◆ Task goal
A faithful copy without images is required: write out all the records exactly.

####

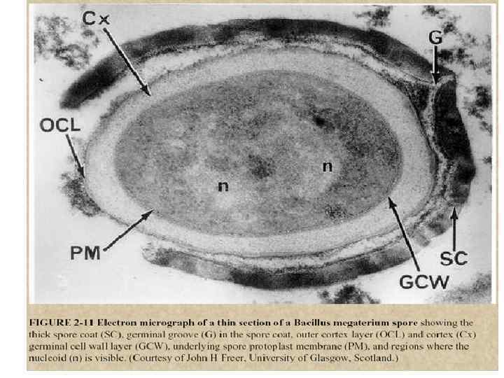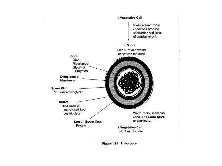 ENDOSPORES (spores) Spores are small spherical or oval bodies formed within the cell. The spore protects bacteria and withstand boiling, chemical treatments and radiation Some microorganisms, principally rodshaped (bacilli and clostridia), are capable of sporulation. These include the causative agents of anthrax, tetanus, gas gangrene, botulism Special Auesky staining procedures are used to Identify spore
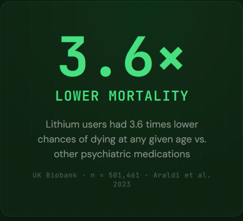 Lithium users had 3.6 times lower chances of dying at any given age compared to users of other psychiatric medications. Not in a small trial — in a UK Biobank cohort of over half a million people.
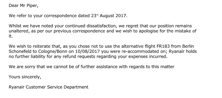 I was told to purchase tickets by ryanair staff and that they would be reimbursed. That's what all this is about. Not the refund.
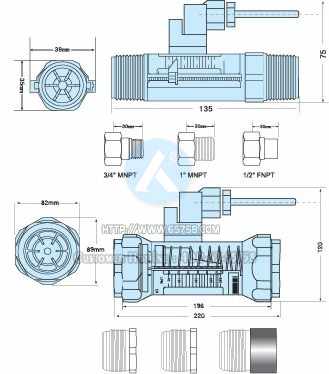 Z-6000/6200系列流量计是一种变面积仪器,在浮动活塞内有一个锥形的量体,与本体构成一个锥形口。流体通过流量计时,在锐边量孔两端形成压差,使浮子向压缩弹簧方向运动。浮子的位移量与流量(流速)精确地成正比。流量计可用于任意方位,甚至倒置。观察浮塞上的红色指示器环,就可以指示所测定的流量。使流量计可安装于任何位置而不影响精度,它可以装在水平或垂直管路上,流量计用于监测各种液体与气体。
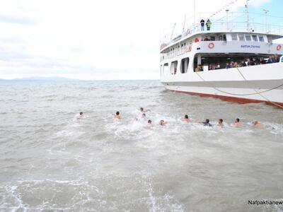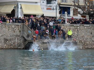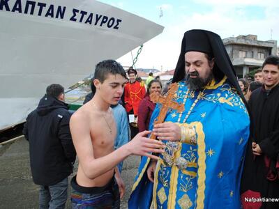 Με το πέρας της ακολουθίας ακολούθησε ο Αγιασμός των υδάτων στην προβλήτα του Αντιρρίου ,ενώ και φέτος πολλοί ήταν αυτοί που αψήφισαν το κρύο και έπεσαν στο νερό προκειμένου να πιάσουν τον Τίμιο Σταυρό προς ευλογία. Το Δήμο Ναυπακτίας εκπροσώπησαν ο πρόεδρος της κοινότητας κ. Ασημακόπουλος , οι αντιδήμαρχοι κ. Κοτσανάς ο πρόεδρος του ΚΔΑΠ κ. Νούλας και ο δημοτικός σύμβουλος κ. Κανέλλος.
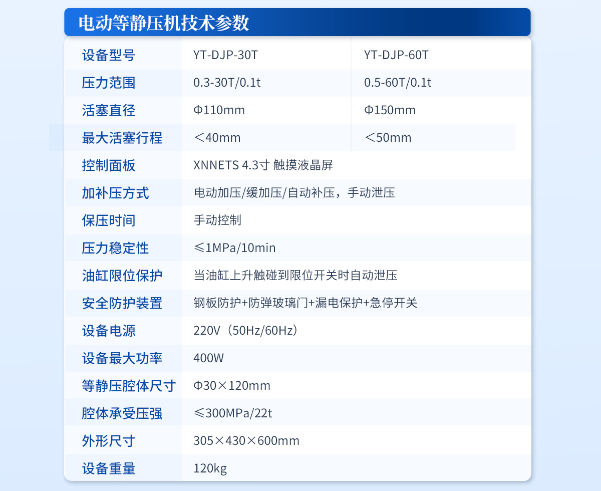 规格型号:YT-SJP-20T | 压力范围:0-20T/28.4MPa | 压力换算:1MPa=0.7t/1t=1.42MPa | 活塞直径:Ф95mm | **活塞行程: <30mm 警示!请注意油缸上升高度,切勿超高 | 压力表类型:压力、压强双刻度显示,显示精度1MPa | 加泄压方式:手动加压/缓加压,手动泄压 | 安全防护装置:钢板防护-防弹玻璃门 | 等静压腔体尺寸:Φ22×70mm | 腔体承受压强:≤300MPa/12t | 外形尺寸:305×195×530mm | 设备重量:90kg | 配置说明:油压机1台,等静压腔体1套!可根据需求定制500MPa等静压机或橡胶模具 |
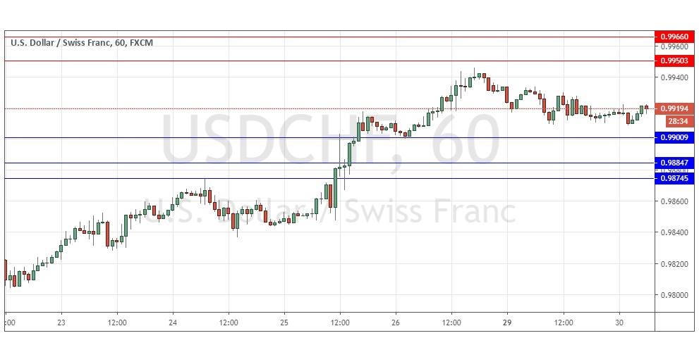 I have no strong confidence is the likely direction of the price, but I think that if 0.9900 holds as support, we will get at least a touch of 0.9950, which might then provide a good short-term trade entry opportunity – I would take a bearish bias at a convincing, firm bearish reversal at 0.9950.USDCHFThere is nothing of high importance due today concerning the CHF. Regarding the USD, there will be a release of CB Consumer Confidence data at 3pm London time.
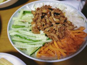 最后出锅,把黄瓜丝,萝卜丝,大葱丝摆盘淋上肉丝和酱汤,就OK啦
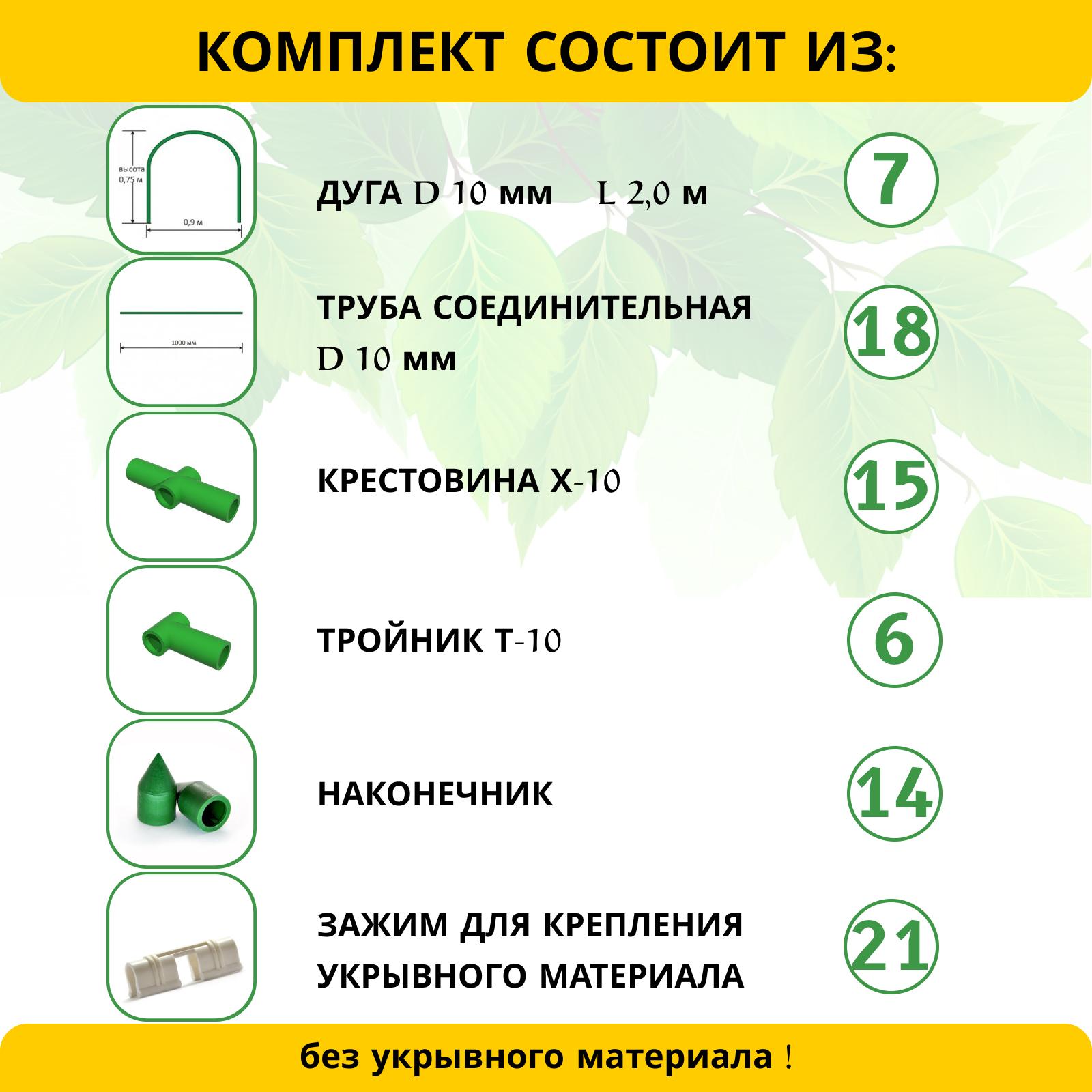 | Комплектация | Дуги для парника - 4 шт, перемычки (1,0 м) - 9 шт, тройник - 6 шт, крестовина - 6 шт, наконечник острый - 8 шт, зажим для пленки - 12 шт |
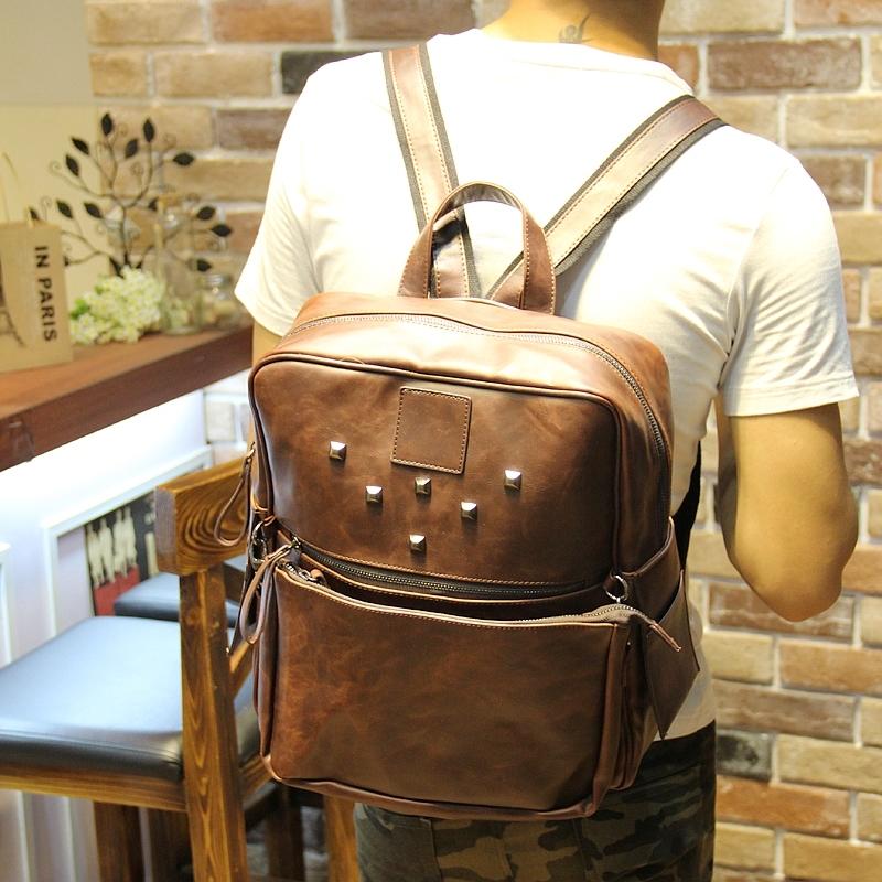 疯马皮大容量双肩包包包韩版时尚铆钉旅行背包学生书包男
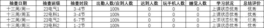 表2 2023.12.04-2023.12.10 十三周 学院学风抽查情况
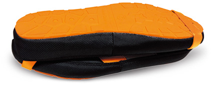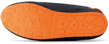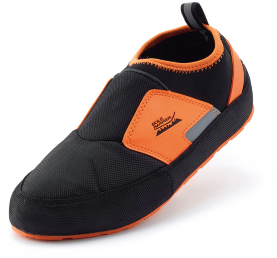 ガラスや釘から足裏を守る特殊繊維入シューズ。折りたためて携帯・保管に便利!
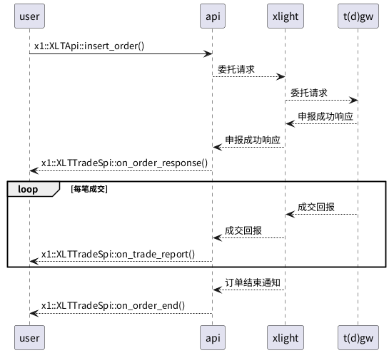 - 调用 x1::XLTApi::insert_order() 发送报单请求
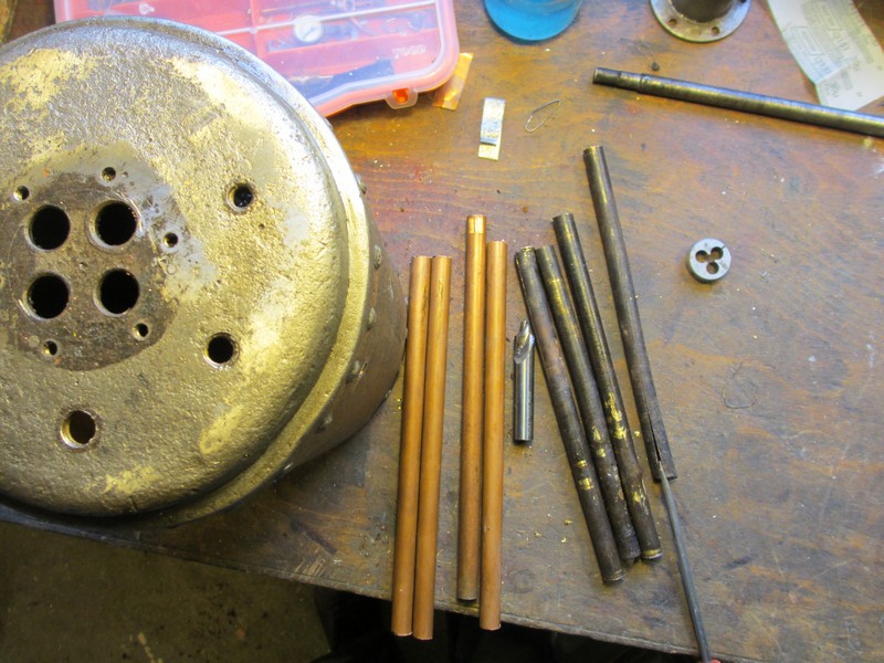 les tubes de fumées retirés, et les nouveaux en cuivre.
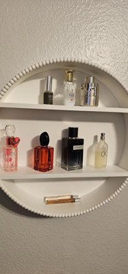 This round decorative wall shelf is so cute. It has a solid back so your items won't fall back and it gives a clean backdrop to your items. I used mine for perfume and cologne bottles. This is a children's shelf, but it can be used in any room, even the bathroom. It has a " pearl" trim all around. The space between the shelves is small, so be sure to measure figurines or picture frames if you want to use it for this reason. It's a good solid quality!
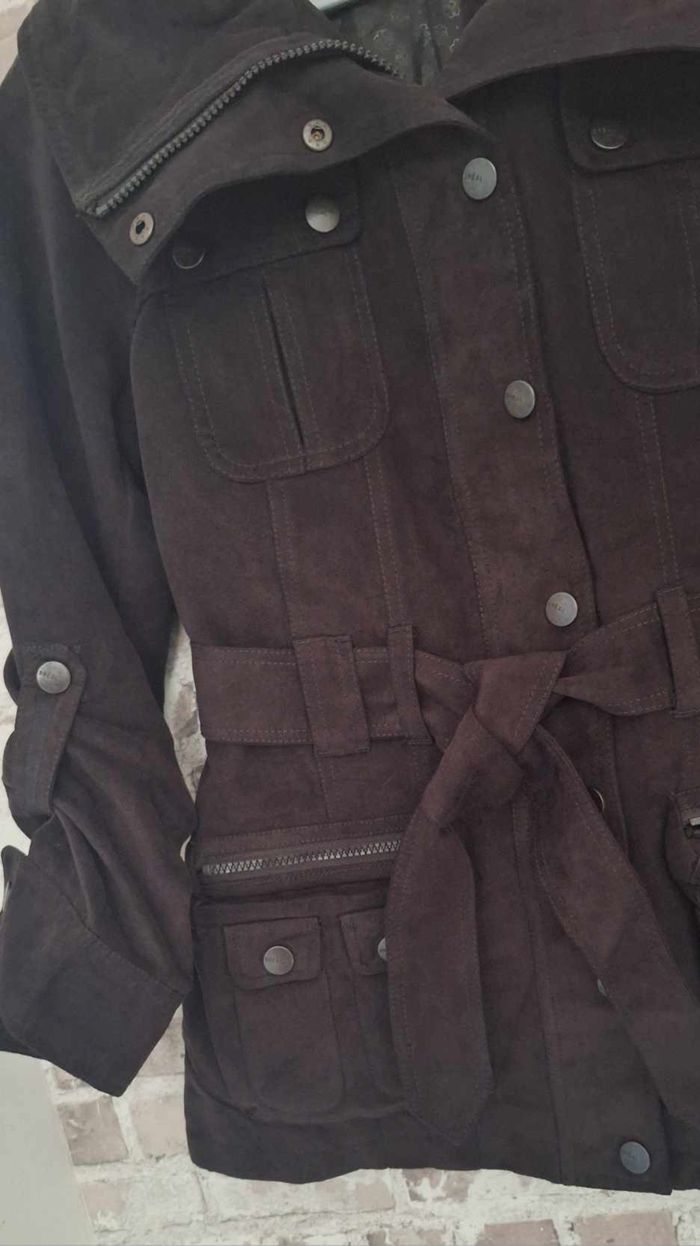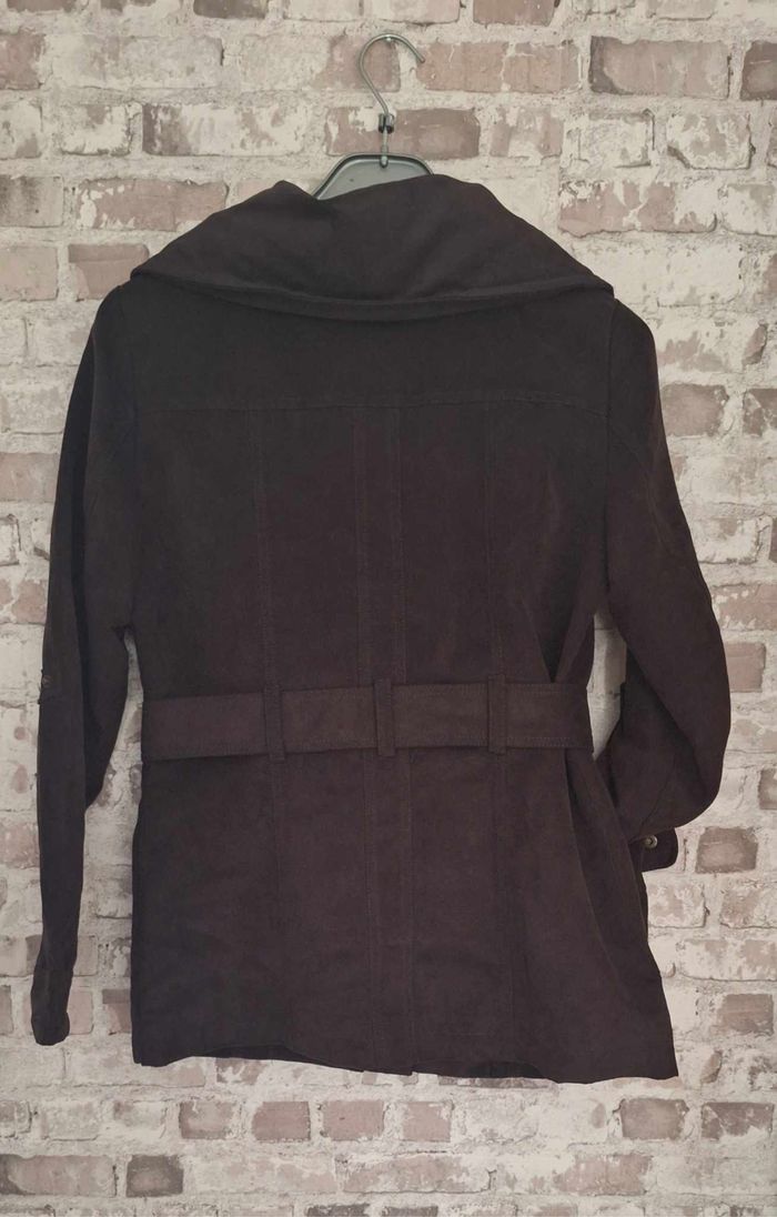 FEMME 38 / M N°2452 veste chic marron Au Touché peau de pêche / suedine Fermeture eclair + pression Ceinture , poche Capuche retratable dans le col fermé par une Fermeture eclair 100% polyester Longueur 69 cm Taille 38 / m Bréal Neuf sans étiquette 🏷 25€ #kelly_femmeT38

####

◆ Output for this task
 ENDOSPORES (spores) Spores are small spherical or oval bodies formed within the cell. The spore protects bacteria and withstand boiling, chemical treatments and radiation Some microorganisms, principally rodshaped (bacilli and clostridia), are capable of sporulation. These include the causative agents of anthrax, tetanus, gas gangrene, botulism Special Auesky staining procedures are used to Identify spore
 Lithium users had 3.6 times lower chances of dying at any given age compared to users of other psychiatric medications. Not in a small trial — in a UK Biobank cohort of over half a million people.
 I was told to purchase tickets by ryanair staff and that they would be reimbursed. That's what all this is about. Not the refund.
 Z-6000/6200系列流量计是一种变面积仪器,在浮动活塞内有一个锥形的量体,与本体构成一个锥形口。流体通过流量计时,在锐边量孔两端形成压差,使浮子向压缩弹簧方向运动。浮子的位移量与流量(流速)精确地成正比。流量计可用于任意方位,甚至倒置。观察浮塞上的红色指示器环,就可以指示所测定的流量。使流量计可安装于任何位置而不影响精度,它可以装在水平或垂直管路上,流量计用于监测各种液体与气体。
 Με το πέρας της ακολουθίας ακολούθησε ο Αγιασμός των υδάτων στην προβλήτα του Αντιρρίου ,ενώ και φέτος πολλοί ήταν αυτοί που αψήφισαν το κρύο και έπεσαν στο νερό προκειμένου να πιάσουν τον Τίμιο Σταυρό προς ευλογία. Το Δήμο Ναυπακτίας εκπροσώπησαν ο πρόεδρος της κοινότητας κ. Ασημακόπουλος , οι αντιδήμαρχοι κ. Κοτσανάς ο πρόεδρος του ΚΔΑΠ κ. Νούλας και ο δημοτικός σύμβουλος κ. Κανέλλος.
 规格型号:YT-SJP-20T | 压力范围:0-20T/28.4MPa | 压力换算:1MPa=0.7t/1t=1.42MPa | 活塞直径:Ф95mm | **活塞行程: <30mm 警示!请注意油缸上升高度,切勿超高 | 压力表类型:压力、压强双刻度显示,显示精度1MPa | 加泄压方式:手动加压/缓加压,手动泄压 | 安全防护装置:钢板防护-防弹玻璃门 | 等静压腔体尺寸:Φ22×70mm | 腔体承受压强:≤300MPa/12t | 外形尺寸:305×195×530mm | 设备重量:90kg | 配置说明:油压机1台,等静压腔体1套!可根据需求定制500MPa等静压机或橡胶模具 |
 I have no strong confidence is the likely direction of the price, but I think that if 0.9900 holds as support, we will get at least a touch of 0.9950, which might then provide a good short-term trade entry opportunity – I would take a bearish bias at a convincing, firm bearish reversal at 0.9950.USDCHFThere is nothing of high importance due today concerning the CHF. Regarding the USD, there will be a release of CB Consumer Confidence data at 3pm London time.
 最后出锅,把黄瓜丝,萝卜丝,大葱丝摆盘淋上肉丝和酱汤,就OK啦
 | Комплектация | Дуги для парника - 4 шт, перемычки (1,0 м) - 9 шт, тройник - 6 шт, крестовина - 6 шт, наконечник острый - 8 шт, зажим для пленки - 12 шт |
 疯马皮大容量双肩包包包韩版时尚铆钉旅行背包学生书包男
 表2 2023.12.04-2023.12.10 十三周 学院学风抽查情况
 ガラスや釘から足裏を守る特殊繊維入シューズ。折りたためて携帯・保管に便利!
 - 调用 x1::XLTApi::insert_order() 发送报单请求
 les tubes de fumées retirés, et les nouveaux en cuivre.
 This round decorative wall shelf is so cute. It has a solid back so your items won't fall back and it gives a clean backdrop to your items. I used mine for perfume and cologne bottles. This is a children's shelf, but it can be used in any room, even the bathroom. It has a " pearl" trim all around. The space between the shelves is small, so be sure to measure figurines or picture frames if you want to use it for this reason. It's a good solid quality!
 FEMME 38 / M N°2452 veste chic marron Au Touché peau de pêche / suedine Fermeture eclair + pression Ceinture , poche Capuche retratable dans le col fermé par une Fermeture eclair 100% polyester Longueur 69 cm Taille 38 / m Bréal Neuf sans étiquette 🏷 25€ #kelly_femmeT38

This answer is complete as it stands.